Work required —
Transcribe everything in the records exactly. Skip the images.

Provided material —
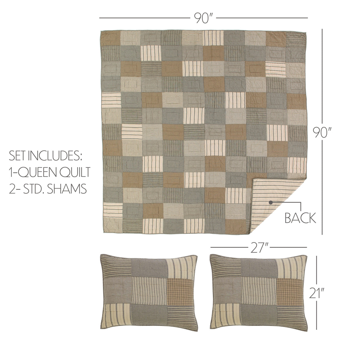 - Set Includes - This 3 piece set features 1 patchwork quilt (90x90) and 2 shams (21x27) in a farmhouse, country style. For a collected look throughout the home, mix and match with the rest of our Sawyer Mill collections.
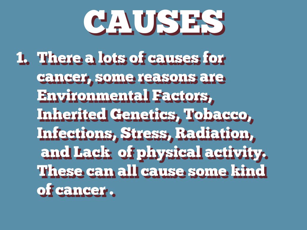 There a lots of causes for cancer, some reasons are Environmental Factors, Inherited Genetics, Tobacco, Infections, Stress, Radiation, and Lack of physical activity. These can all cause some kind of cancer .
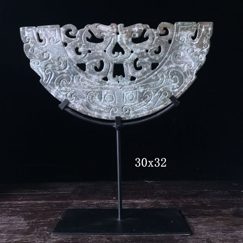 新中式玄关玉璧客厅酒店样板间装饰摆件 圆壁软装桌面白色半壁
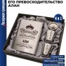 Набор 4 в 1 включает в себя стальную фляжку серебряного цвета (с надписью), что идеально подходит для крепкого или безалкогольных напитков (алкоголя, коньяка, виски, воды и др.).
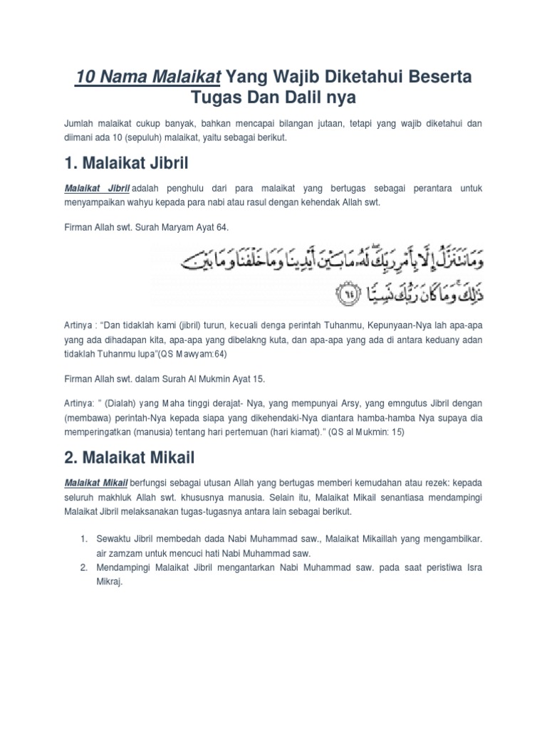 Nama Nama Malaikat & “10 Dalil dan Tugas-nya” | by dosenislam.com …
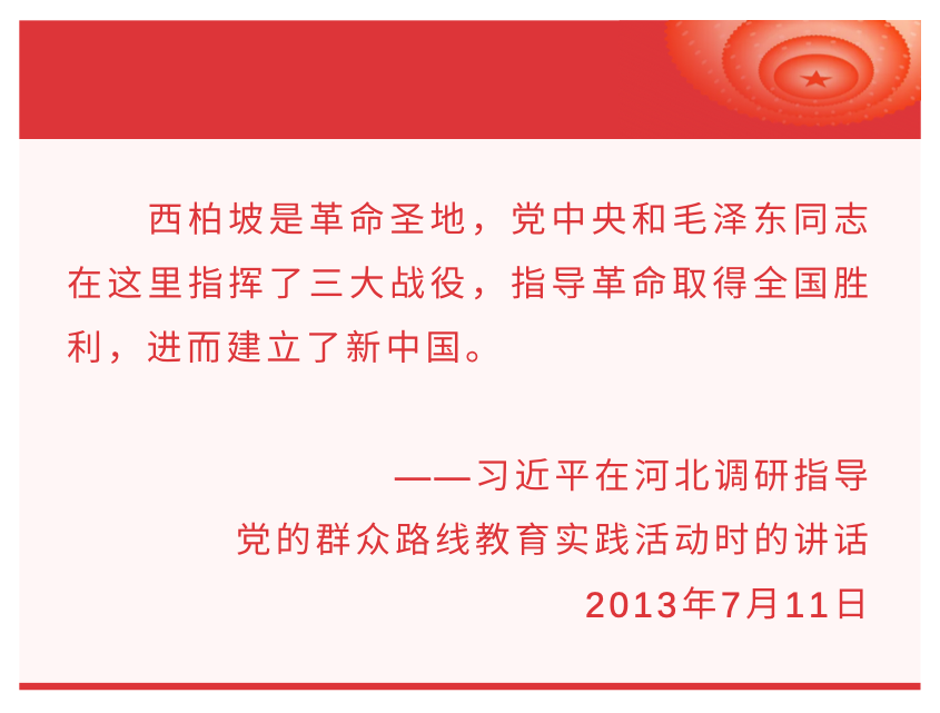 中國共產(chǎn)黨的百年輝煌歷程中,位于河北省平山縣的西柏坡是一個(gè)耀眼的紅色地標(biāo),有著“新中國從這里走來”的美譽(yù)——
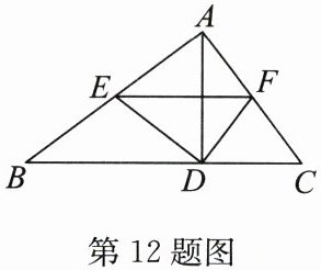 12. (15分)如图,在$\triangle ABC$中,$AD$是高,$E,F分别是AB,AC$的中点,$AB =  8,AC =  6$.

Answer area —
 - Set Includes - This 3 piece set features 1 patchwork quilt (90x90) and 2 shams (21x27) in a farmhouse, country style. For a collected look throughout the home, mix and match with the rest of our Sawyer Mill collections.
 There a lots of causes for cancer, some reasons are Environmental Factors, Inherited Genetics, Tobacco, Infections, Stress, Radiation, and Lack of physical activity. These can all cause some kind of cancer .
 新中式玄关玉璧客厅酒店样板间装饰摆件 圆壁软装桌面白色半壁
 Набор 4 в 1 включает в себя стальную фляжку серебряного цвета (с надписью), что идеально подходит для крепкого или безалкогольных напитков (алкоголя, коньяка, виски, воды и др.).
 Nama Nama Malaikat & “10 Dalil dan Tugas-nya” | by dosenislam.com …
 中國共產(chǎn)黨的百年輝煌歷程中,位于河北省平山縣的西柏坡是一個(gè)耀眼的紅色地標(biāo),有著“新中國從這里走來”的美譽(yù)——
 12. (15分)如图,在$\triangle ABC$中,$AD$是高,$E,F分别是AB,AC$的中点,$AB =  8,AC =  6$.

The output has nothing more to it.